VENICE - Although implementation of the market abuse directive (MAD) must happen on a national level, there is still resistance from some market players who continue to disseminate collateral information on a selective basis. Participants made these comments in the Recent EU Directives: Market Abuse, Prospectus and Transparency panel at the European Securitization Forum third annual conference held here last week.
When the directive was released, market participants focused on issues like investor reports, which, in the past, had only been available via password-protected access. "We have had two meetings where we discussed the possibility of putting in place the best practices and making this information available on a broader basis," said a panelist.
Delinquency data is crucial for successfully managing a portfolio. Most panelists welcomed the idea of having this type of information available to all. "We would like to see a framework implemented where we get consistent data, but, unless all investors have that expectation, it won't happen," said another panelist. "Once several people do it, it becomes a norm of the market."
More information would lead to more trading opportunities and would also help the market differentiate the good from the bad issuers, added the participants.
On the CDO front, MAD is also expected to bring full disclosure to an otherwise opaque market for investors. One panelist said the best way to do this is to look at CDOs in terms of product type.
Although CDOs function on a private market basis in the U.S., they are listed publicly in Europe. "If it's a deal that is listed publicly, the manager should make information available," one speaker said. "If someone has insider information, they shouldn't be using it to trade."
The Bond Market Association has developed a CDO library in the U.S. where all the underlying loan information is made available to qualified institutional lenders. This effort would not work in Europe because there is still a level of exclusivity maintained to the BMA's information dissemination.
To what extent will new disclosure drive pricing? Panelists said that visibility has already improved on the secondary trading front. This new directive will only further improve trading, although panelists were not clear on how it would benefit CDO liquidity.
The speakers were hopeful that the market could come to a consensus on how the directive is enforced before a complaint arises or before a deal blows up and leads to a lawsuit because of non-disclosure. "We are obligated to report insider information and all of us have been guilty of passing selective information so we are all in it together and we must come to a solution," said one panelist.

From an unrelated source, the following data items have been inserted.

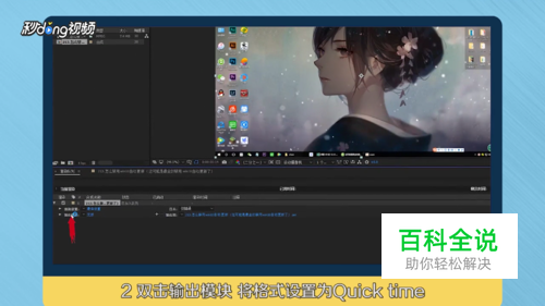 双击输出模块,将格式设置为Quick time,点击格式选项。
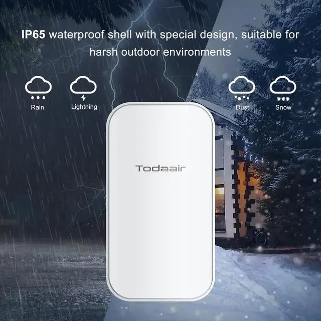 Which can easily meet different needs. ^^ OUTDOOR WATERPROOFTODAAIR WiFi Extender adopts Ip65 waterproof housing, lightning protection, waterproof, dust, antifreeze, high temperature resistance, anti-corrosion, Ensure stable operation in harsh environments or cold, hot climates. ^^ GOOD COMPATIBILITYCompatible with all mainstream routers on the market. Support repeaters modeRepeater mode supports turn-wired and wireless, network ports support computer and television. ^^ EASY TO SETUP & PRO TECHNICAl TEAM SUPPORT If you have any questions during the installation process, you can open the installation video below the window picture to watch. Pls contact us when you meet problems when using WiFi Extender, our Technical Team will help you fix it asap.
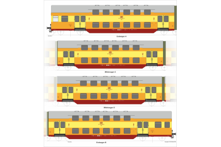 Model wagonów piętrowych PKP serii Bhp ze stacji Słupsk
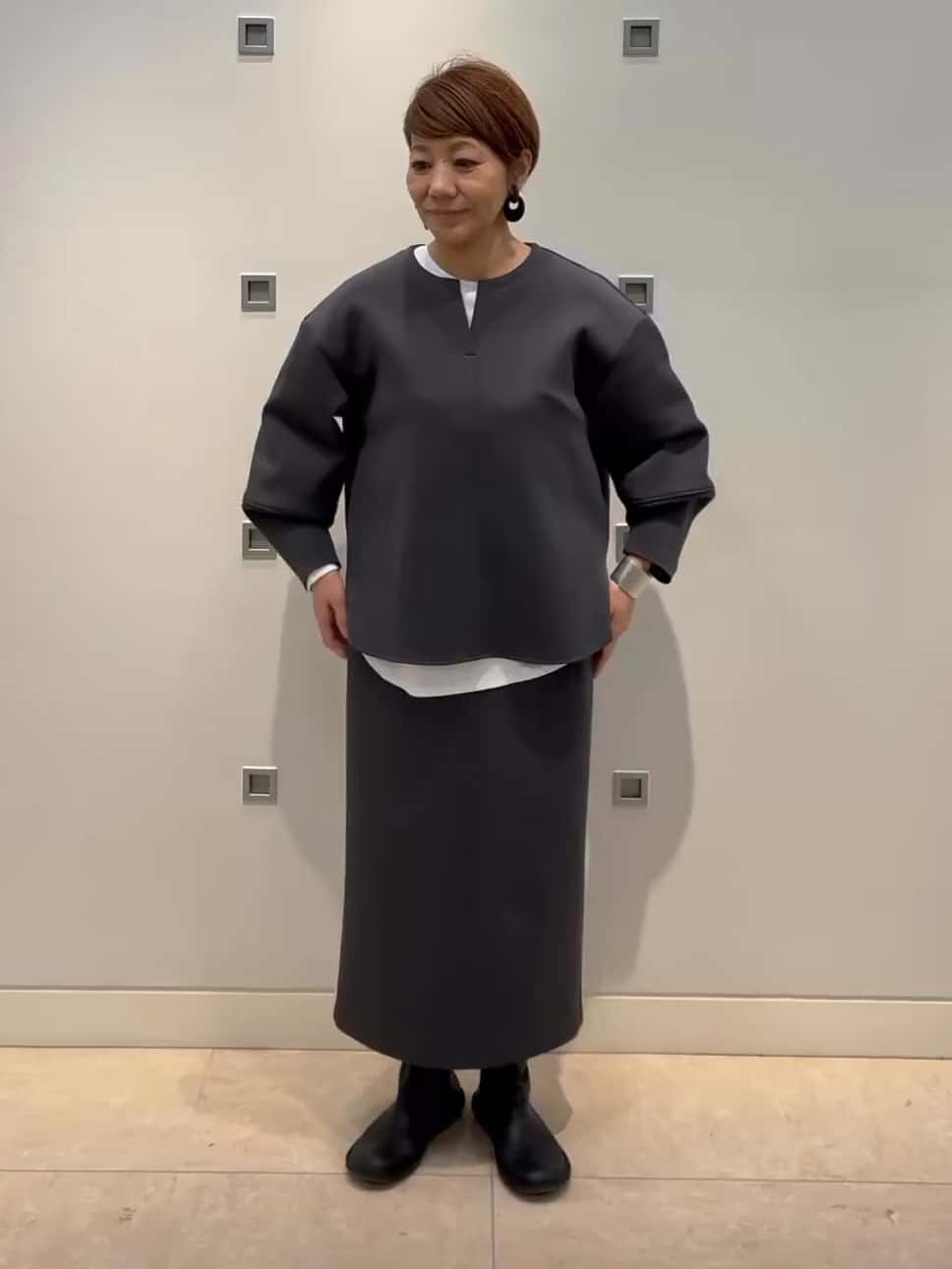 スッキリ見えるスカートとのセットアップで女性らしい印象に。
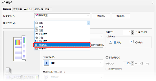 对于 [输出方法],请选择 [预约打印]。
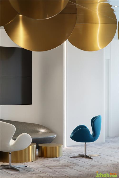 Metal textured round tea table, abstract cutting art painting and Zaha's famous moon sofa become flowing bonds, blurring the boundary between interior and architecture, and constructing a compound functional space where practical experience and aesthetic image could coexist. The concept of “circle” in white and gold creates a comfortable spacial experience in a transparent and soft way, and a quiet blue becomes the presence of a breathless beat.
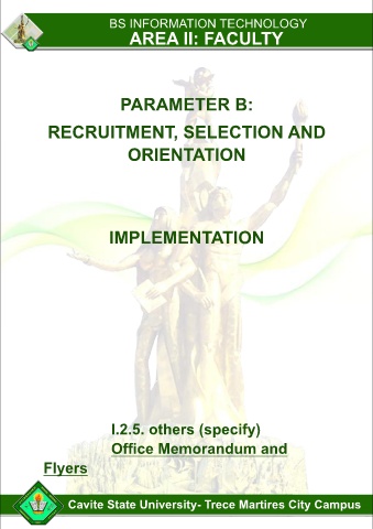 BS INFORMATION TECHNOLOGY AREA II: FACULTY PARAMETER B: RECRUITMENT, SELECTION AND ORIENTATION IMPLEMENTATION I.2.5. others (specify) Office Memorandum and Flyers Cavite State University- Trece Martires City Campus
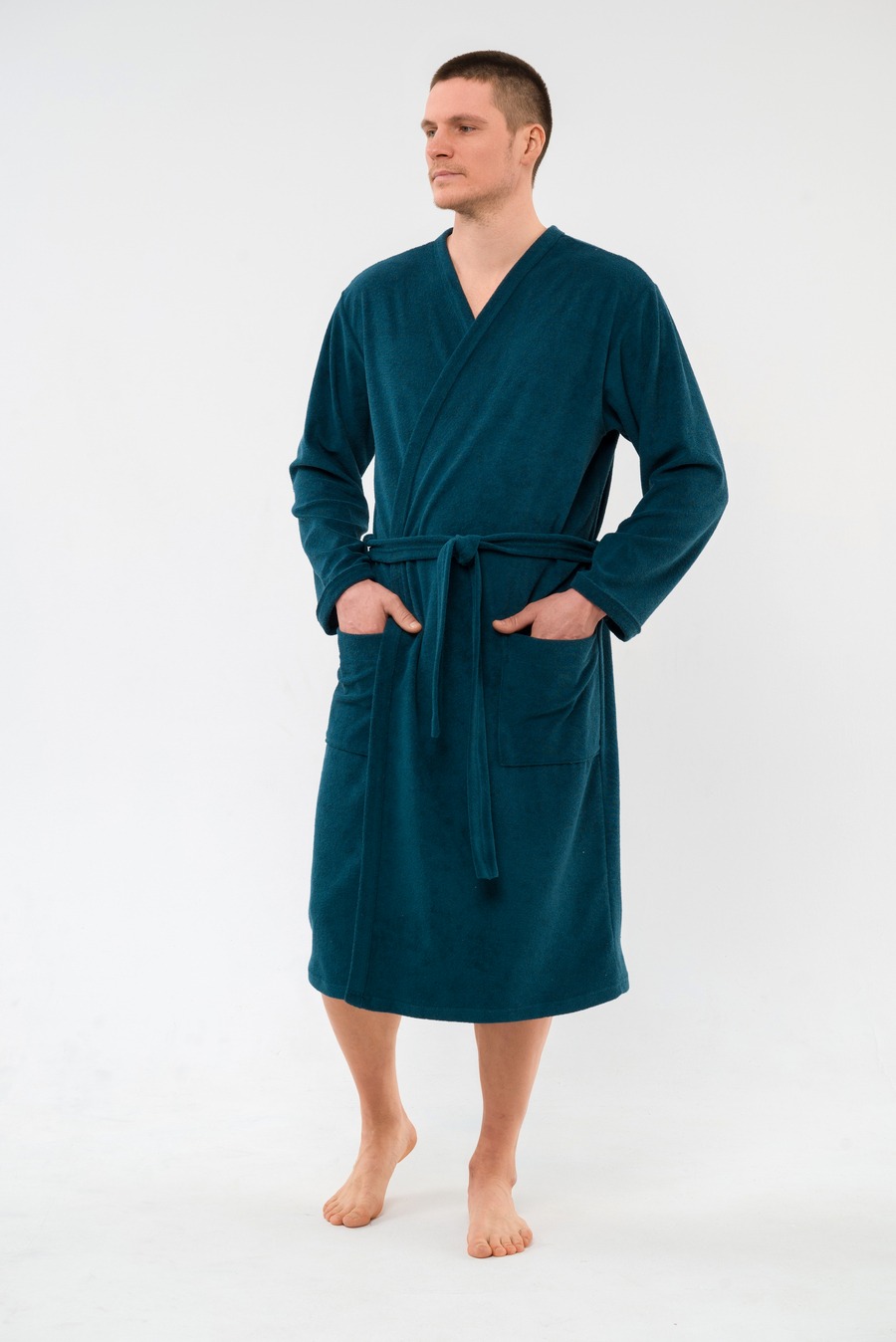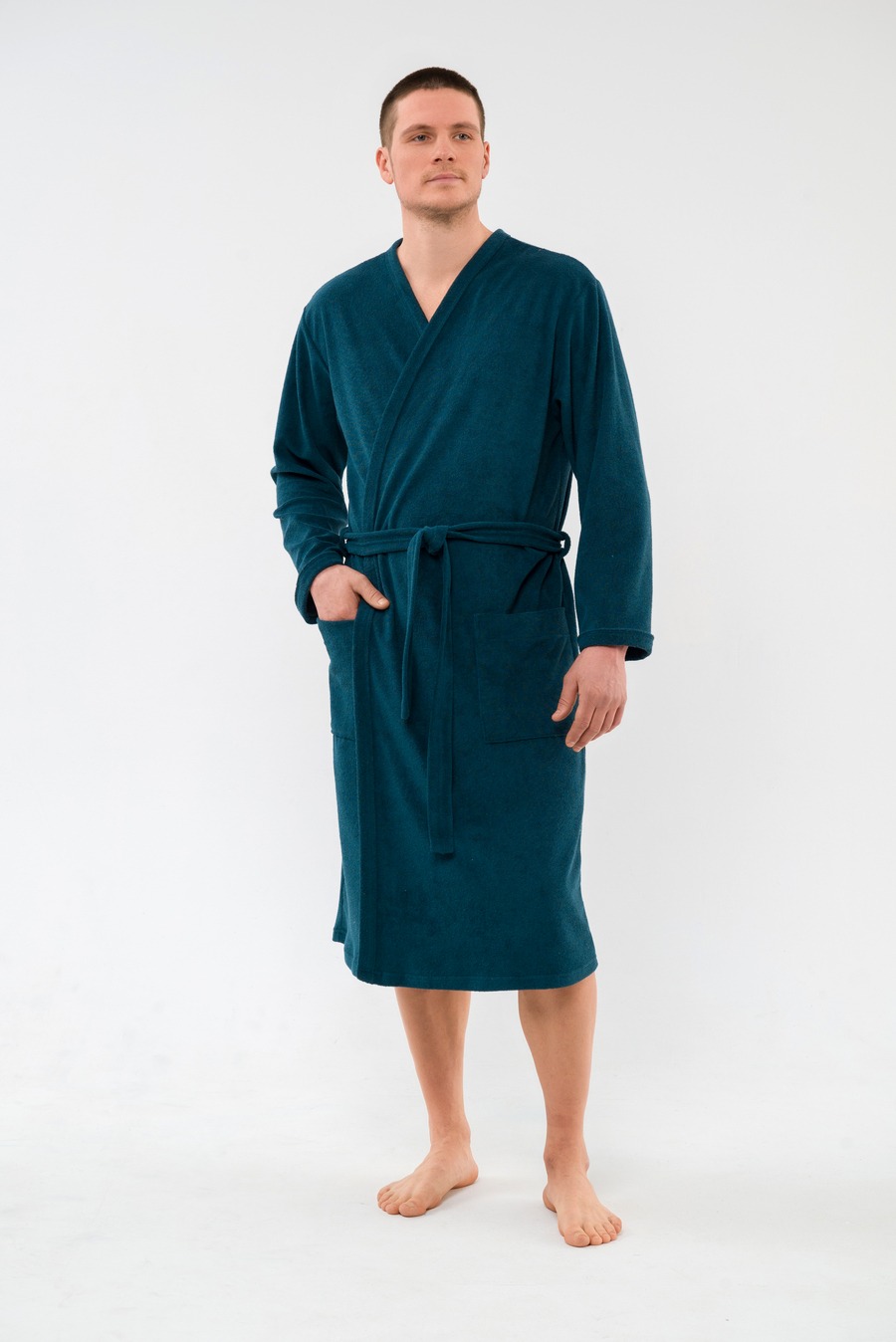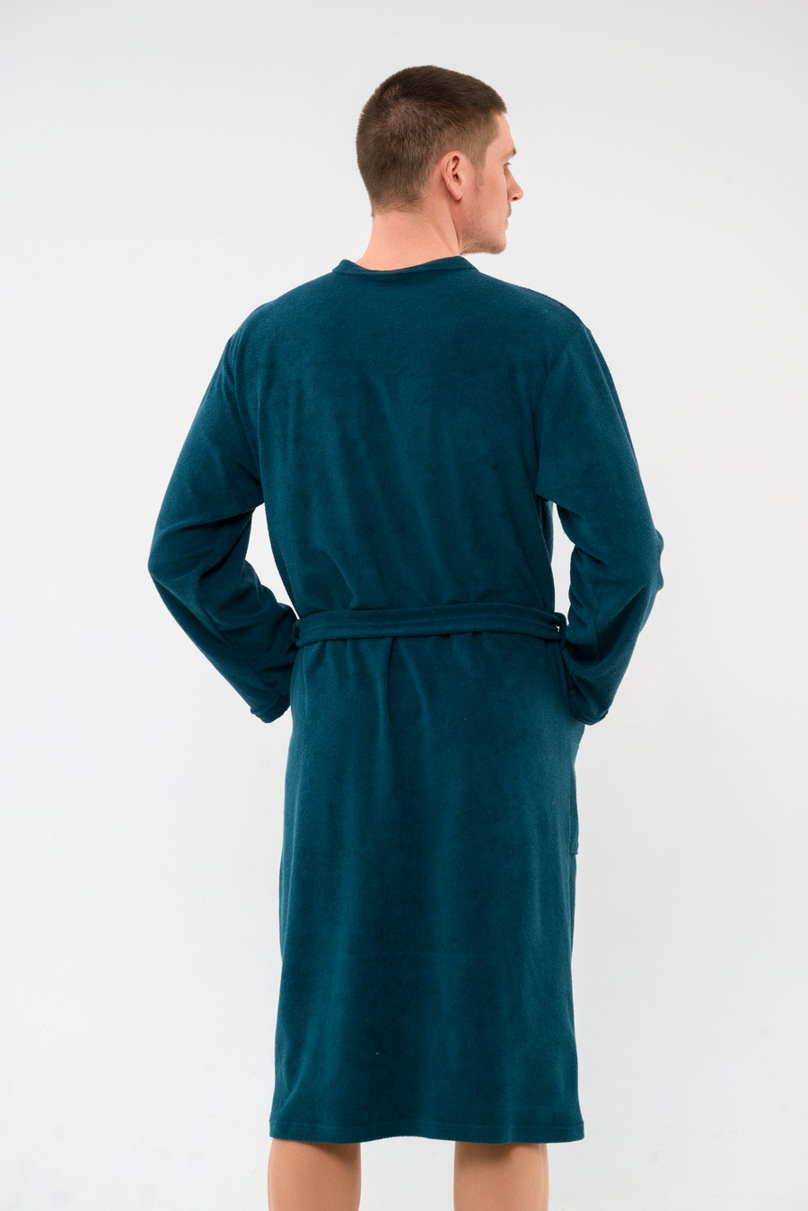 Халат мужской из махры Ренат изумруд на запах, с длинными рукавами.
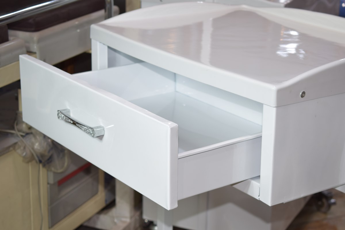 دارای کشوهای بسیار مستحکم جهت قرار دادن جایگذاری وسایل و تجهیزات پزشکی سنگین وزن.
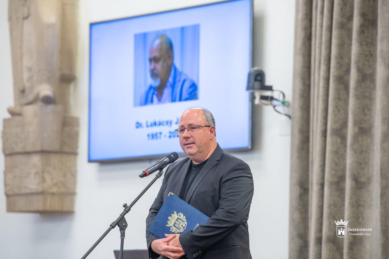 Nincs egy éve, hogy életének hatvanötödik évében elhunyt dr. Lukácsy József közíró, aki a Vörösmarty Társaság alelnöke volt. Rá emlékeztek a Városháza Dísztermében versekkel, dalokkal, az erdélyi Kibéd gyermekeinek műsorával. A kulturális és közélet útján vele együtt haladó barátok, útitársak visszaemlékezéseikben felidézték alakját, munkásságát.
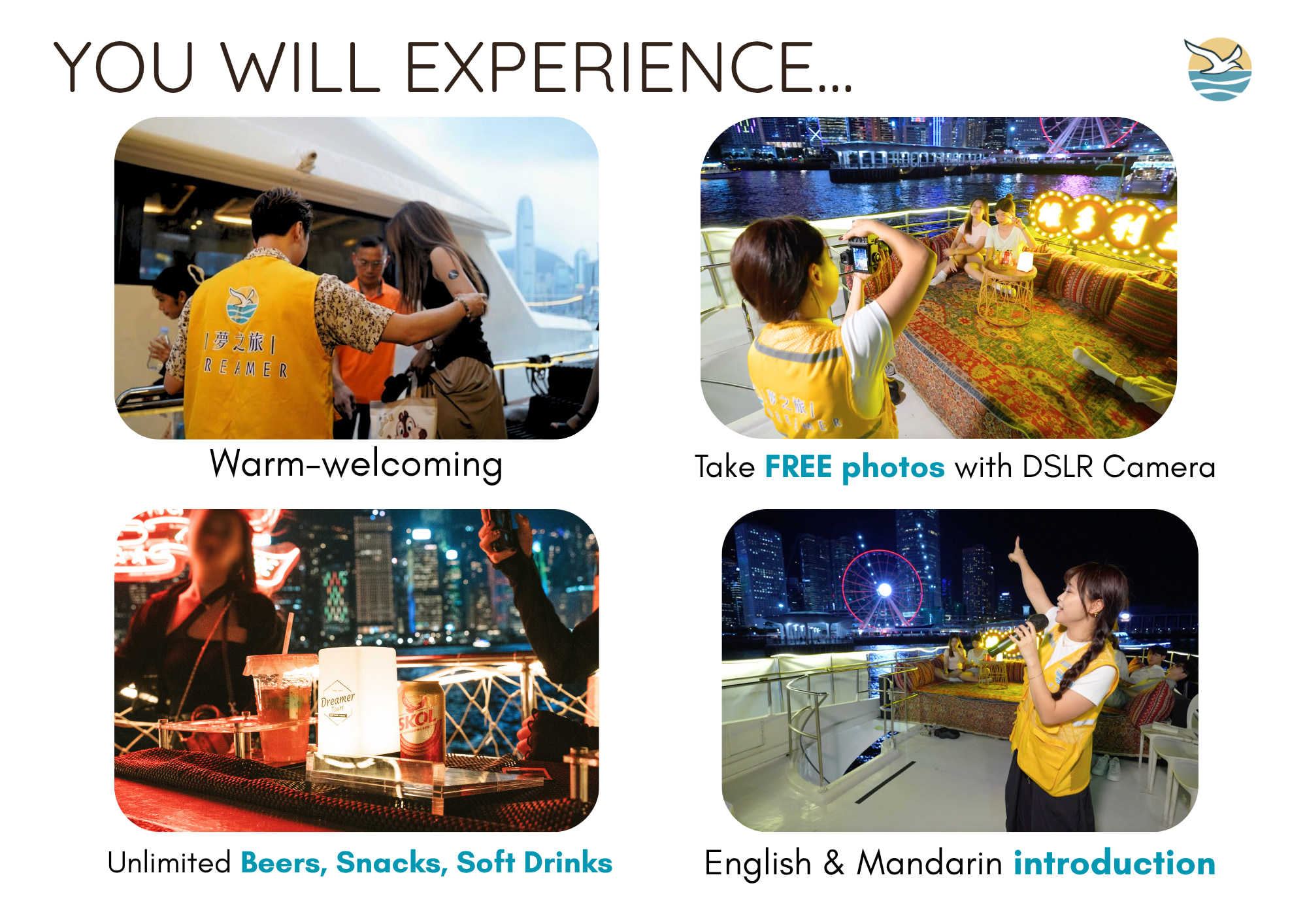 華燈初上,坐在豪華遊艇的頂層,享受360度的全視角景觀,吹著陣陣海風,陶醉於維港兩岸的璀璨燈火之中。飽覽維港夜景之餘,還可坐在舒適的沙發椅上,享用無限提供的的輕食與軟飲,和三五好友一起喝酒暢聊,享受45分鐘的海上巡遊樂趣。每到晚上8點,一場華美盛大的「幻彩詠香江」音樂匯演將為你精彩呈現,維港兩岸約40多幢的摩天大廈將共同參與星光盛宴,維港之景著實令人震撼!搭乘Dreamer夢之旅遊艇,迅速拿起手中的相機,捕捉下這般唯美夢幻的香江之旅。
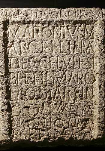 Maronius M/arcellinus / dec(urio) Cel(eiae) vi(vus) f(ecit) si/bi et fil(io) Maro/nio Martin/o o(bito) an(norum) XXX et M/aronio Ma/rcelliano
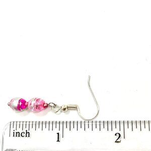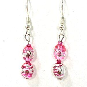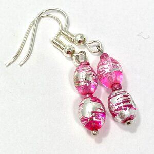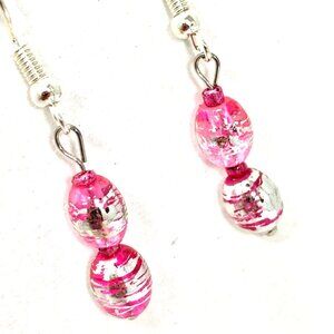 These Murano Style Pink & Silver Art Glass Bead Earrings
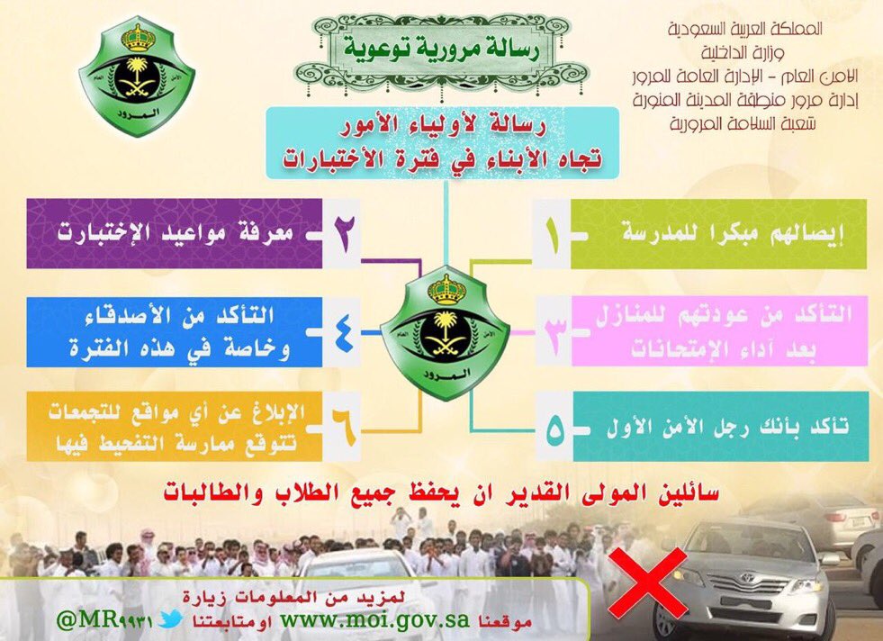 أخبار منطقة المدينة المنورة On Twitter مرور المدينة يوجه رسائل توعوية لأولياء الأمور في فترة الاختبارات

There are two components that must be contemplated before issuers can decide what information to put out. They have to determine what of all the data collected would investors find important and how to present this information in an investor friendly way?
The European Union is not in a position to govern how a country implements the new disclosure laws. "It's important to keep in mind that under the current EU regulatory framework, while it does not have a specific ABS disclosure rule, it does look at disclosure in a way that can also be applied to ABS," said one panelist. "It's important for investors to complain when they feel the law is not being enforced."